One of  Harlow Shapely’s images from Mount Wilson Observatory

Astrophotos had changed the where we thought the Earth was located much like Copernicus had moved the Earth from the centre of our Solar System. And there was more to come!

We won’t go into details here about George Ellery Hale, the astronomer behind the Yerkes 40″ and Mt Wilson 60″ telescopes. He was a towering , complex figure. If you’re not familiar with this life, he’s well worth discovering or talk to us at BINTEL – we’ll chew your eye off about this period.  Having been the driving force behind these two observatories, he then went on to establish another two large telescopes, the 100″ Hooker Telescope at Mt Wilson and the 200″ Hale telescope at Mt. Palomar.

Some of the most important astro photos of all time were taken with the 100″ Hooker Telescope

Three years after the “The Great Debate”, a series of lectures in 1920 which intensely discussed the topic of are the “spiral nebula” seen in the night sky part of the Milky Way or galaxies in their right, astronomer Edwin Hubble used the 100″ Hooker telescope to measure the brightness to variable stars to show M31, the Great Andromeda Spiral Nebula was in fact outside the Milky Way and another galaxy. The Milky Way was not the entire Universe. We live on the edge of one of countless galaxies in our Universe.

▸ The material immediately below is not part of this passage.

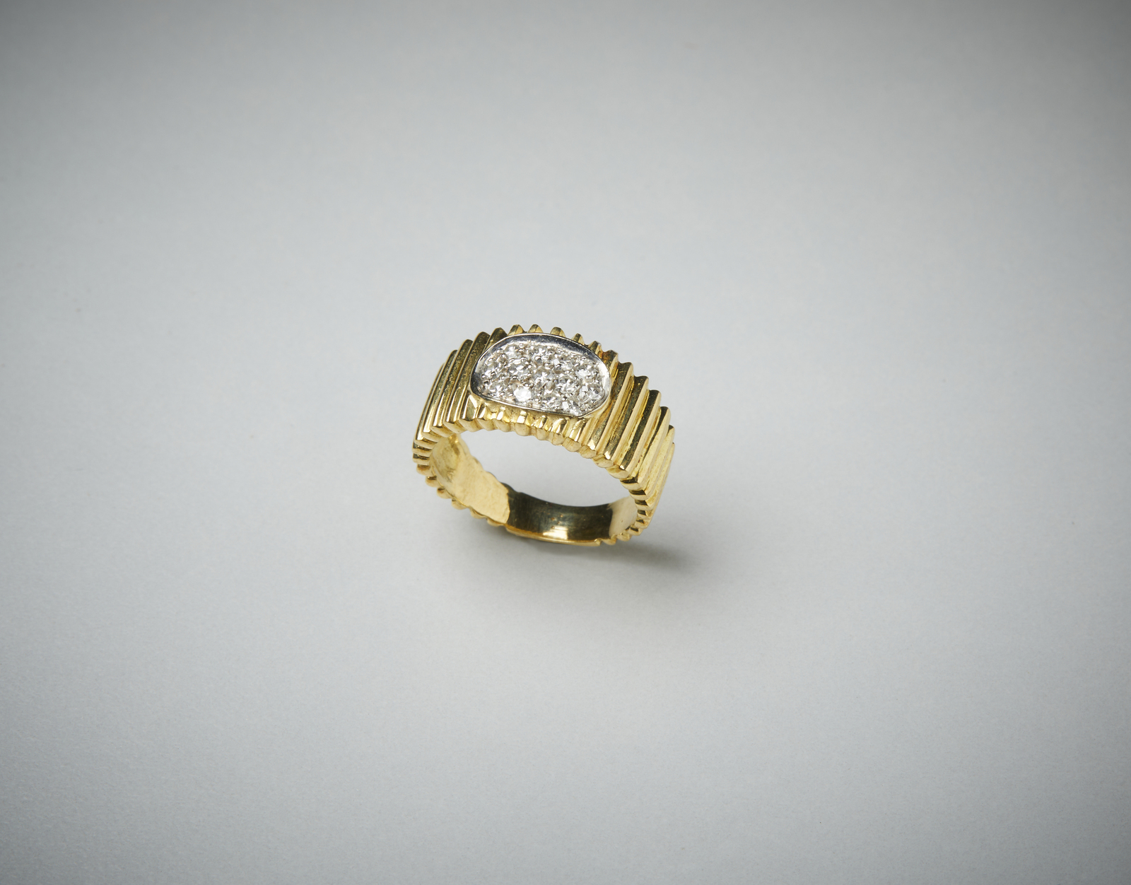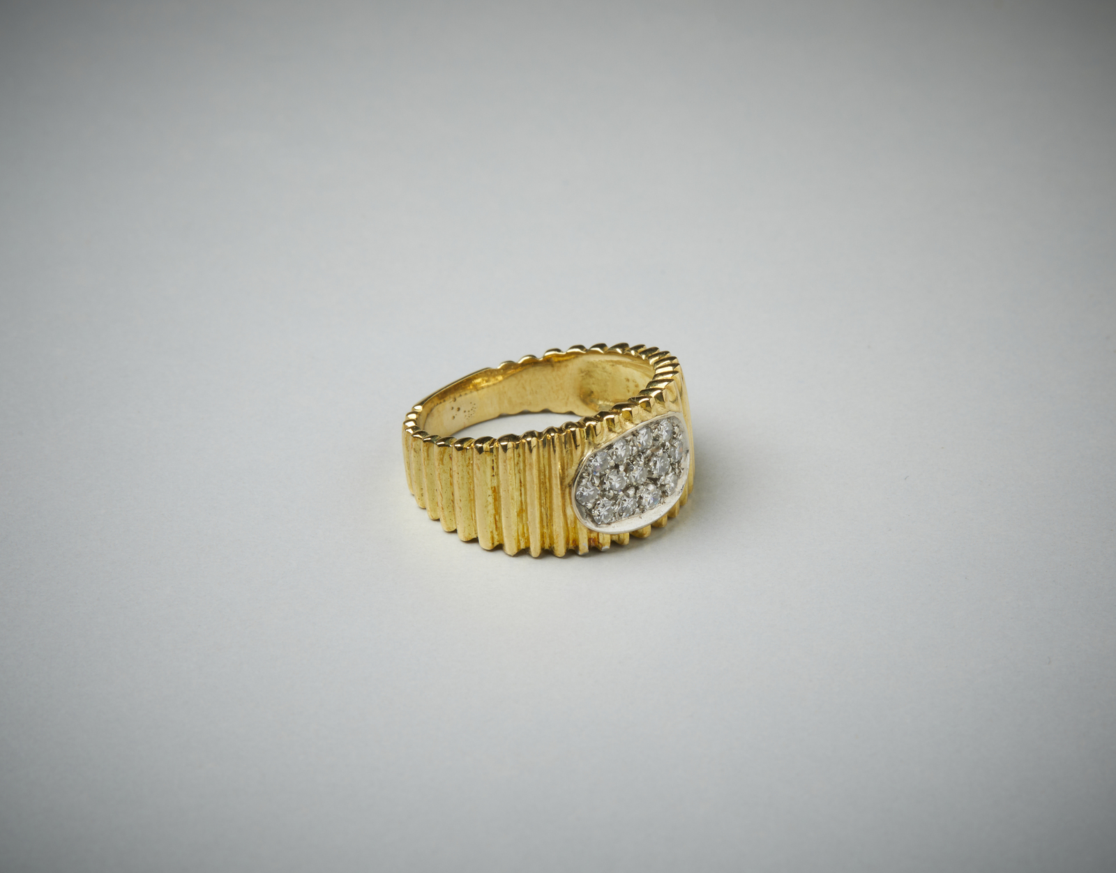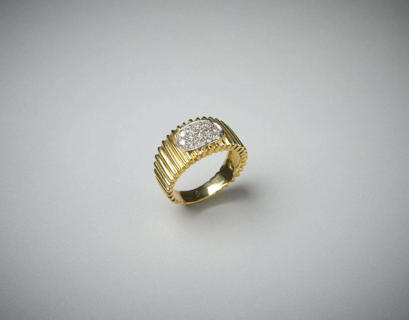 . - Anello a fascetta rigata in oro giallo 750 con pavè di diamanti bianchi taglio huit huit, totale carati: 0.40 circa.

Negative of Edwin Hubble’s image of M31

Over the space of just a few short years, Earth had been removed from being at the centre of the Milky Way and the Milky Way itself was no longer unique.

But wait, there’s more…

Building on previous work, Hubble and his assistant Milton Humason noticed something curious once they started to measure the distance to galaxies using variable stars. The further away a galaxy is, the faster it’s receding away from us and this in all directions too.

Hubble and Humason at Mt Wilson

Speed away from the Milky Way was measured using “red shift”. The lines on a spectra showing the make up of the galaxy was moved towards the red or longer wavelength of the spectrum caused by the Dopler Effect This is same thing you hear from a car that goes past you. The sound it makes changes tone.

This “Expansion of the Universe” shown on photographic images was confronting on numerous levels. The issue of a seemingly endless Universe that had existed for all time become difficult to accept. What if you ran time backwards? Was there a “Big Bang” when this expansion of the Universe began?

Will gravity overcome the force that pushed galaxies out into space and will it collapse back on itself? Currently not only is the Universe expanding,  but the rate of this expansion is accelerating due the presence of Dark Energy. It’s force that’s yet to be fully explained and discovered using images taken from the Keck and MMT Observatories of exploding stars called Type 1A Supernova.

Whether Dark Energy will always continue to drive the rate of expansion in unknown. Some researches have even suggested it will possibly fade away over time and the Universe will collapse back itself – or matter will continue to fly apart.

Part of the JWST’s mission is to help us learn more about the early formation of the galaxies so we can come closer to discovering the Universe’s ultimate fate. In much the same way those fragile glass plates from Mt Wilson changed who we see ourselves, who knows where the JWST will lead us!